Sísifo queda inmovilizado en la oscuridad completa. Antropófaga. De pronto, su refugio de tecnología y hedonismo se metamorfosea en una jaula. Sufre, digamos, una desubstancialización en el asiento del conductor. Como mantequilla sobre sartén caliente.

El silencio es total. Sin el runrún habitual del motor, a solas con el eco de su propia conciencia, los gritos del silencio se vuelven tan atronadores como acusadores.

Algunos han calificado esa sensación de vacío existencial. Un mal propio de la opulencia.

Ahí, sentado en su trono de polipiel, el homo autófobo se enfrenta a la verdad incómoda de su existencia: El sujeto que aspiraba a la realización personal está condenado a la pasividad, como un peón mal ubicado que no avanza bloqueado no por un enemigo, sino por su propia falta de propósito.

Sísifo, en su inmovilidad, experimenta que su identidad se licúa por falta de referencias consistentes. ¡Qué destino inesperado! Los valores superiores se han vaciado de sustancia a tenor de la deriva del mundo que los propuso, o peor aún, al querer ignorarla por completo.

Se mira en el retrovisor, pero la negrura le impide ver su reflejo. ¿O acaso se ha transformado en un vampiro?

Toma su móvil (la quintaesencia de la alienación, si Marx levantara la cabeza…) y, paradójicamente, la claridad de su pantalla le muestra su rostro atravesado por sombras.

Comprende que su apatía, esa indiferencia indolente que le permite creer que los problemas del mundo no le conciernen (al fin y al cabo ya se han dado los primeros pasos para construir Gaza Resort City), es insostenible y provoca crisis demasiado íntimas cuando menos te lo esperas. Debe actuar. Debe moverse.

Sísifo estira la mano para abrir la puerta de su coche. Un gesto insignificante.

Un movimiento que, sin embargo, ha decidido por sí mismo.

Tan pronto como su pie toca el suelo y el peso de su cuerpo abandona el vehículo, el sensor del parquin despierta de su letargo. Las luces fluorescentes se encienden con un clic,clic protésico, iluminando de nuevo las entrañas de la colmena de hormigón.
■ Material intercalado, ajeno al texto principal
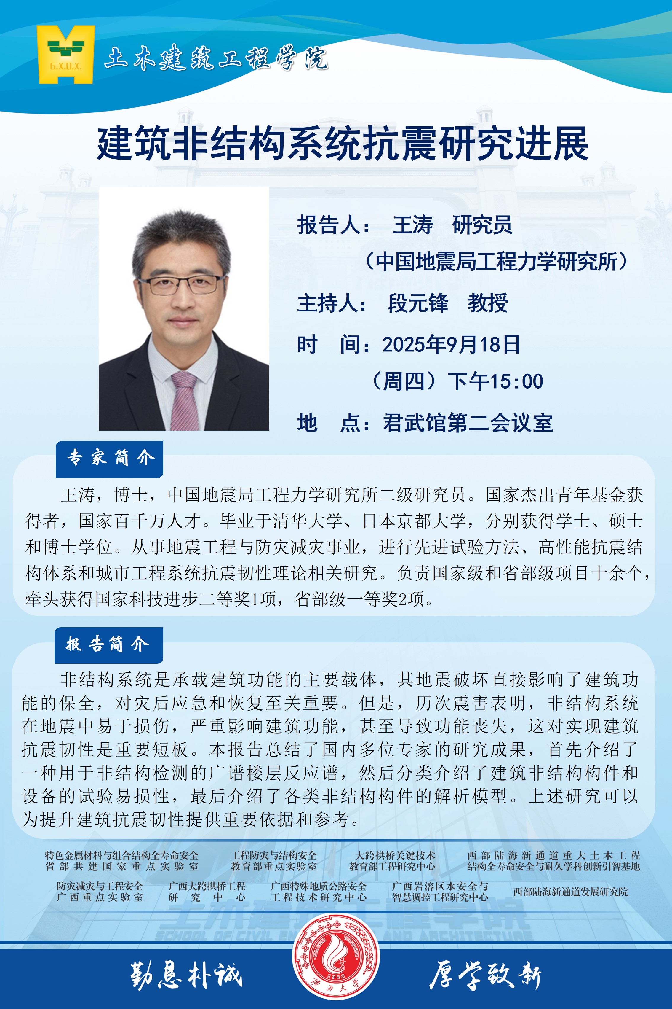 土木建筑工程学院学术报告:建筑非结构系统抗震研究进展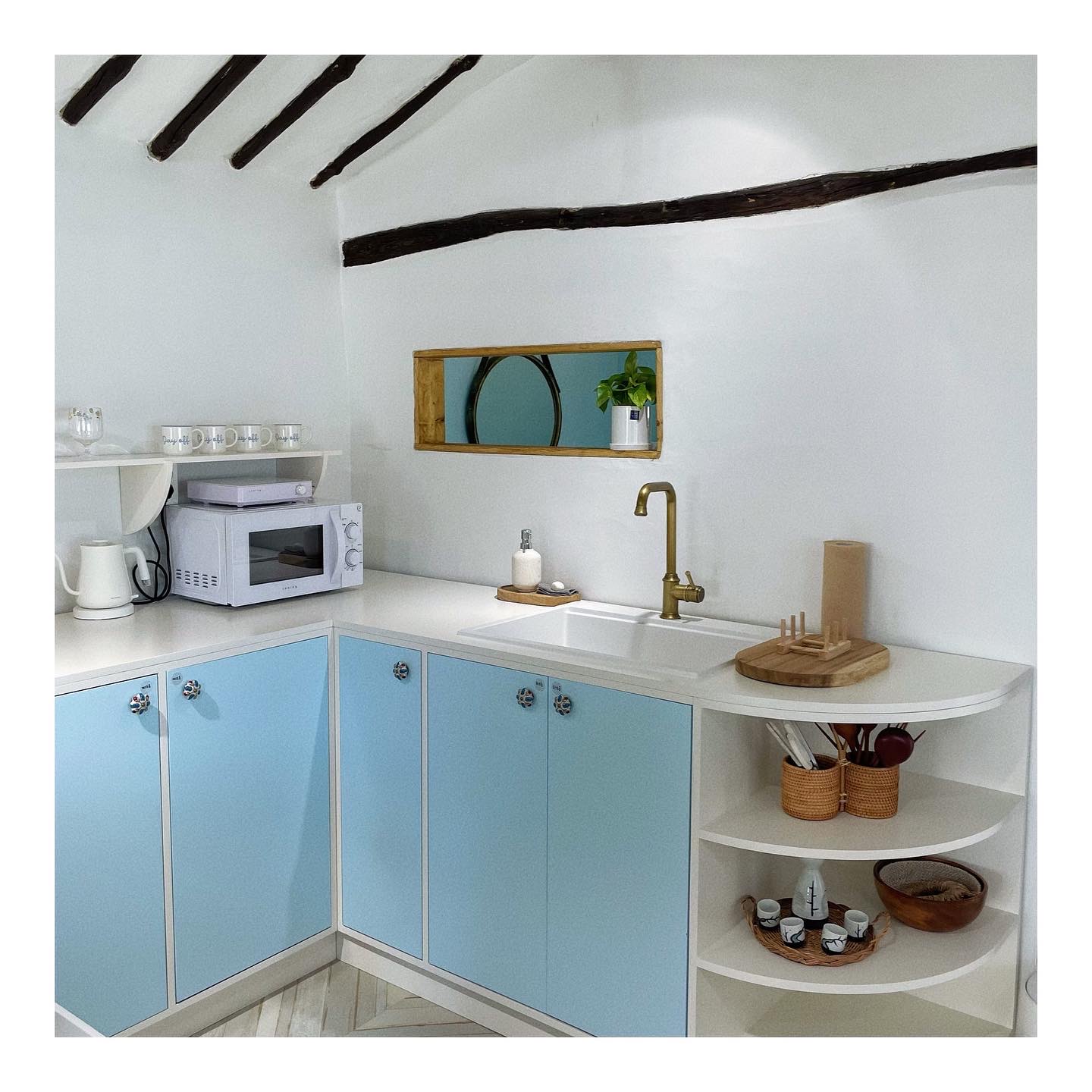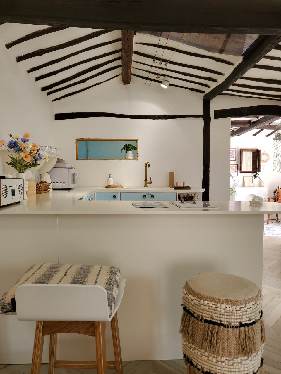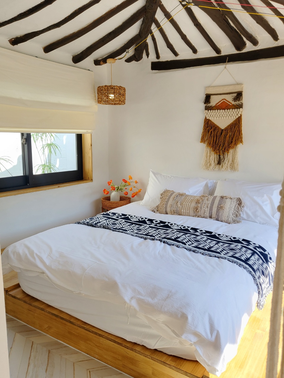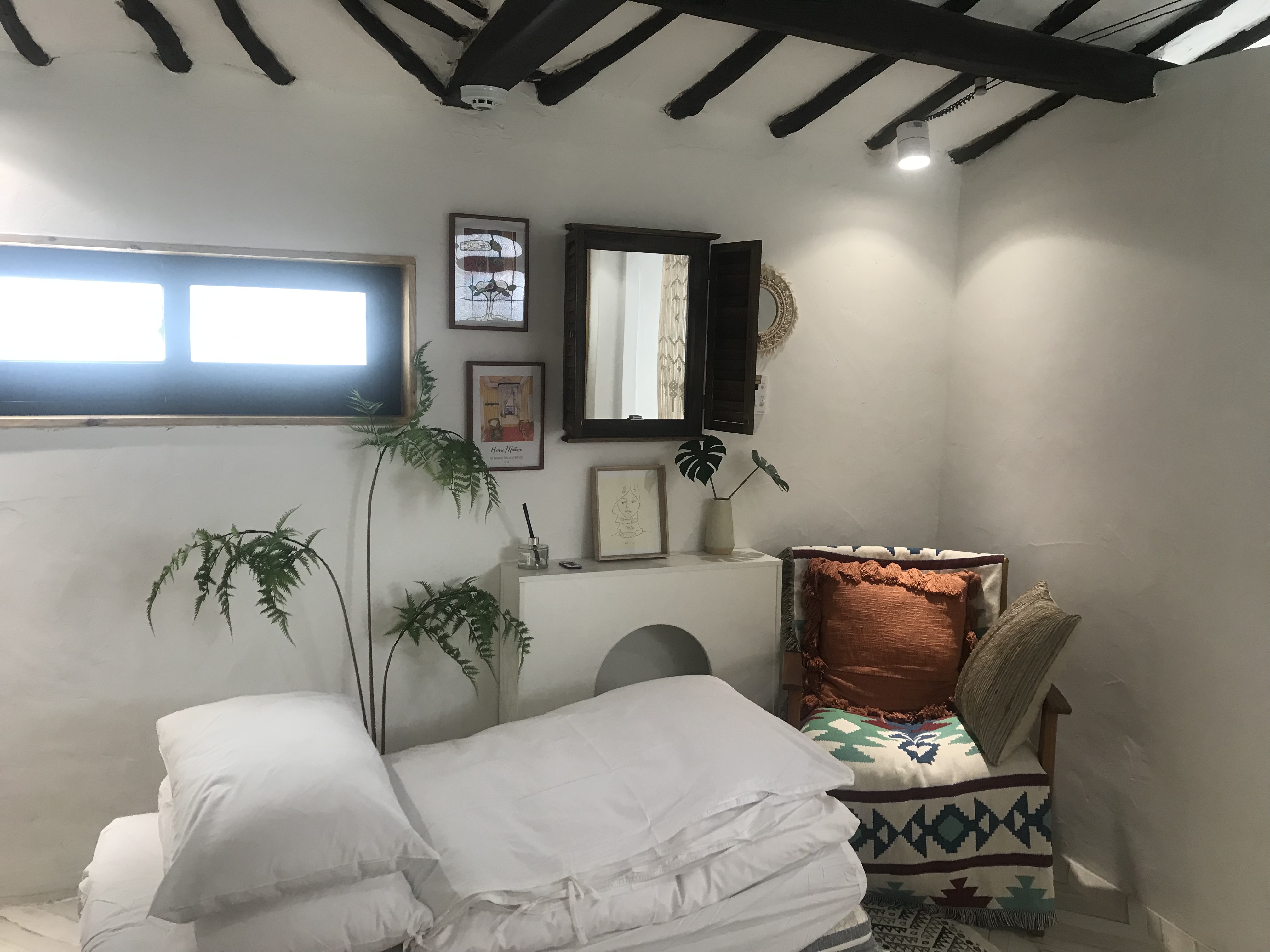 에스닉한 보헤미안 컨셉으로 스카이블루 컬러를 포인트로한 인테리어가 인상적인 숙소 입니다.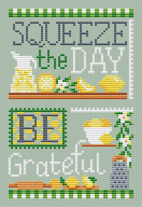 Two patterns from Erin Elizabeth - "Squeeze the Day" with lemonade and "Be Grateful" with lemons and a grater.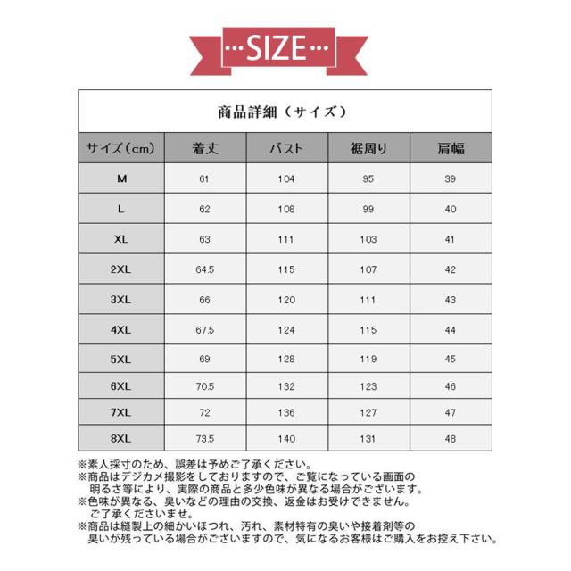 サイズ:/M/L/XL/2XL/3XL/4XL/5XL/6XL/7XL/8XL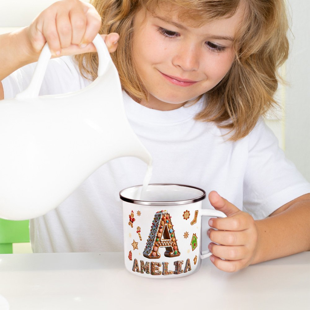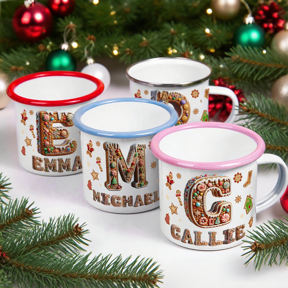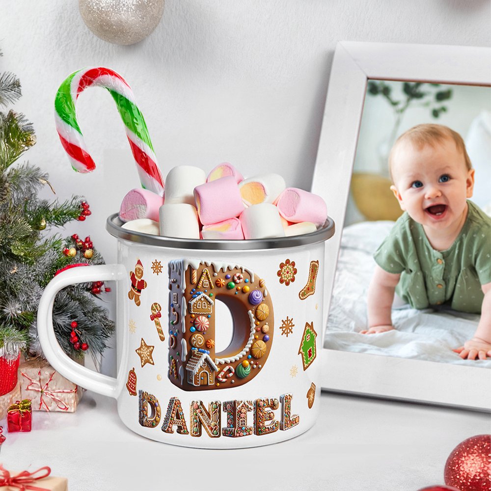 This enamel mug transforms Christmas gingerbread men and candy elements into artistic letters, each letter resembling a miniature fairytale scene: gingerbread houses, icing lines, and colorful candies adorning the design, as if capturing the sweetness of the holiday season. The letters are cleverly integrated with your personalized name, making it a unique personal mark.

A pesar de que sus movimientos son rutinarios, idénticos a cualquier otro día tras aparcar el coche en su plaza, Sísifo se siente liberado.

Tal vez al salir no se pregunte por la Justicia Universal ni abandere revolución alguna. Pero en el escozor en la garganta que le ha provocado la angustia, el vértigo de haber atisbado el abismo en el sitio menos pensado, quizá provoque que algo de verdad cambie en su vida. Quizá se sienta… liberado.

Aunque quizás la libertad hoy en día sea simplemente una opción preconfigurada, como los programas de las lavadoras.

Lipovetski afirmaría que los triunfos pueden ser solo otra forma de derrota. Pero no es menos cierto que la acumulación de estas constituyen el único camino para alcanzar la victoria. No la de un héroe de cómic, quizá, pero sí la del ciudadano que, aun con miedo y flojera, decide moverse.